По приезде в Петербург Розанов, давно уже печатавшийся в «Русском вестнике» и «Русском обозрении», не мог понять, почему на него никто не обращает внимания и ему не платят гонорары, пока один из сослуживцев не сказал ему: «Писали бы в „Русской мысли“ – там хорошо платят»… Суворин в «Новом времени» начал «хорошо платить» с самого же начала газеты, и к нему «все пошли» [272]272
  Письма В. В. Розанова к Э. Голлербаху. С. 43.


[Закрыть]
.

Весной 1899 года Розанов ушел со службы в Государственном контроле и стал постоянным сотрудником газеты «Новое время», которую с 1876 года и до своей смерти в 1912 году издавал А. С. Суворин. Доход семьи резко увеличился: жалованье 300 рублей в месяц и свыше 2000 рублей в год за литературные и передовые статьи.

Из скромной квартиры на Петербургской стороне семья, в которой было уже три дочери (Таня, Вера и Варя) и сын Василий, переезжает летом на Шпалерную, дом 39, на углу Воскресенского проспекта. Здесь осенью 1900 года родилась самая младшая дочь – Надя (дома ее звали Пучок), единственная из детей Розанова, создавшая свою семью (в замужестве Верещагина, затем Соколова).

Широкая лестница недавно выстроенного дома вела в просторную квартиру из пяти комнат с видом на Неву.
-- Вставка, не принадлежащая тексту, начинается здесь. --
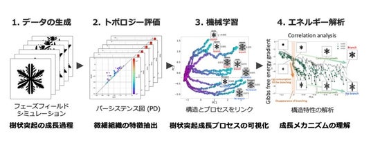 東京理科大学先進工学部マテリアル創成工学科の小嗣 真人教授、岡山大学の大林 一平教授、京都大学の平岡 裕章教授らの研究グループは、トポロジーと自由エネルギーを活用した機械学習(AI)解析を実施し、薄膜結晶の電気的特性に大きな影響を与える樹枝状構造の枝分かれメカニズムを明らかにしました。これは、高品質な薄膜結晶の作製プロセスにつながる成果であり、次世代の電子デバイスへの応用が期待されます。

Здесь в первые годы нового века собирались выдающиеся деятели русской культуры на розановские «воскресенья», где обсуждались проблемы религии, философии, литературы, искусства.
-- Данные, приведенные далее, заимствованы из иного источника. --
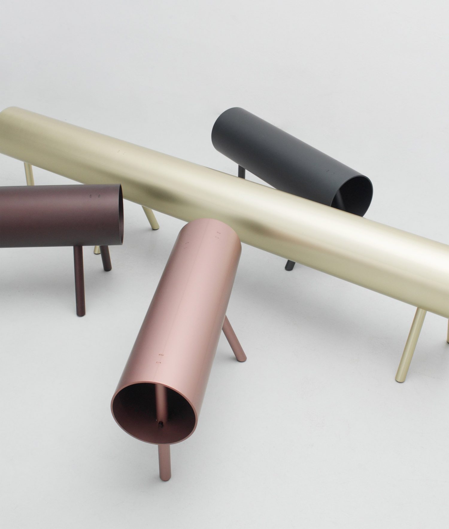 Najveća prednost korišćenja aluminijuma jeste ta što se on mogućnost anodizacije. To je zapravo tehnika koja stvara jak oksidacioni sloj na površini materijala koji može biti i u boji. Tako je svaki komad nameštaja iz kolekcije Tunnel dostupan je u pet različitih boja: šampanj, tamno crvena, roze, crna i prirodna siva boja aluminijuma.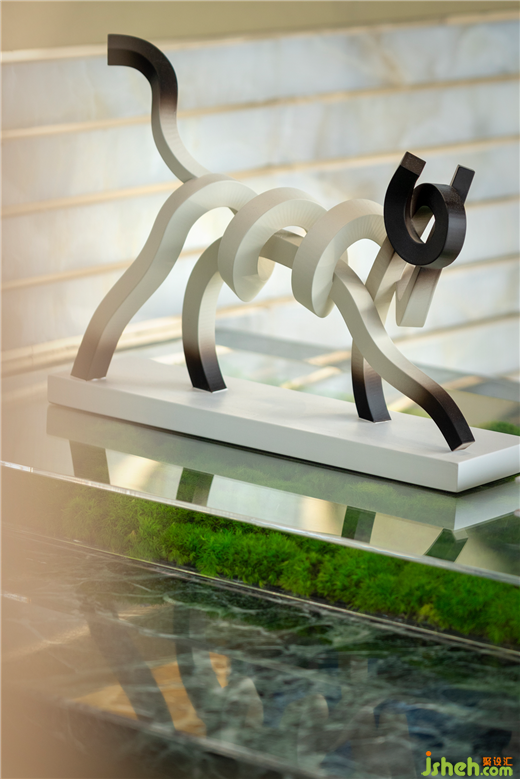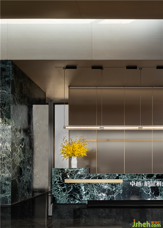 接待前臺的翡翠綠大理石潤滑明亮,優(yōu)雅的紋理宛如一幅水墨畫作。輕盈的金屬與之形成序列,用點、線構(gòu)筑面的意象,青島卓越蔚藍群島瀧樾設(shè)計傳達出精致干練的美學(xué)氛圍。

На своих «воскресеньях» Розанов, по своему обыкновению, не столько говорил, сколько шептал в ухо собеседнику или бросал невзначай «фразочки». К нему в дом ходили все – и друзья, и недруги. «Хитер нараспашку!» – говорил о нем Андрей Белый, весьма неприязненно относившийся к Василию Васильевичу.
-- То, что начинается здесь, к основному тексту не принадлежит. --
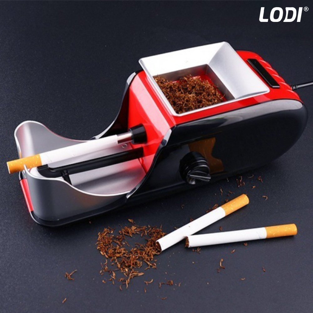 Aparat Electric de Facut Tigari Lodi271, 3 niveluri de maruntire, injector de tutun, dimensiune standard, ergonomic, accesorii incluse, rosu/negru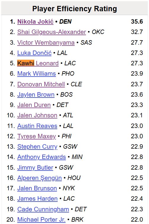 以及,伦纳德的最新PER值已经达到了27.3分,这个数字目前排在联盟第五,并且也是伦纳德的生涯最高——此前最高是2016-17赛季,那一年伦纳德带领马刺拿了60+,个人在MVP和DPOY榜上全部排在第三,PER值达到了27.6。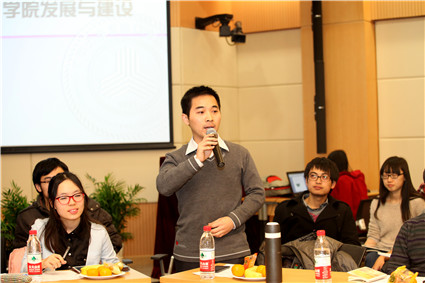 2013级硕士生厉金鑫首先代表新生,从当前的学习、文体、生活等几方面状况向学院领导做了汇报,并对学院领导和老师一直以来的关心和爱护表达了感谢。

Тем не менее именно ему, Андрею Белому, принадлежит одно из наиболее ярких описаний этих воскресников у Розанова, которые «совершались нелепо, нестройно, разгамисто, весело; гостеприимный хозяин развязывал узы; не чувствовалось утеснения в тесненькой, белой столовой; стоял большой стол от стены до стены; и кричал десятью голосами зараз; В. В. где-то у края стола, незаметный и тихий, взяв под руку того, другого, поплескивал в уши; и – рот строил ижицей; точно безглазый; ощупывал пальцами (жаловались иные, хорошенькие, что – щипался), бесстыдничая пере-блеском очковых кругов; статный корпус Бердяева, всклокоченною головой ассирийца его затмевал; тут же, – вовсе некстати из „Нового времени“: Юрий Беляев; священник Григорий Петров, самодушная туша, играя крестом на груди, перепячивал сочные красные губы, как будто икая на нас, декадентов; Д. С. Мережковский, осунувшийся, убивался фигурою крупною этою; недоуменно балдел он, отвечая невпопад; с бокового же столика – своя веселая группа, смакующая безобразицу мощной вульгарности Розанова; рыжеусый, ощеренный хищно, как бы выпивающий карими глазками, Бакст, и припухший белясо, как шарик утонченный, с еле заметным усенком – К. Сомов. Все – выдвинуты, утрированы; только хозяин смален; мелькнет белым животом; блеснет своим блинным лицом; и плеснет, проходя между стульями, фразочкою: себе в губы; никто ничего не расслышит; и снова провалится между Бердяевым и самодушною тушей Петрова; здесь царствует грузная, розовощекая, строгая Варвара Федоровна <Варвара Дмитриевна>, сочетающая в себе, видно, „Матрену“ с матроной; я как-то боялся ее; она знала, что я дружил с Гиппиус; к Гиппиус она питала „мистическое“ отвращение, переходящее просто в ужас; я, „друг“ Мережковских, внушал ей сомнение» [273]273
  Белый А. Начало века. М., 1990. С. 478–479.


[Закрыть]
. И все же розановские воскресники произвели на Белого неизгладимое впечатление, которое он не забыл и через 30 лет, когда писал свои воспоминания «Начало века».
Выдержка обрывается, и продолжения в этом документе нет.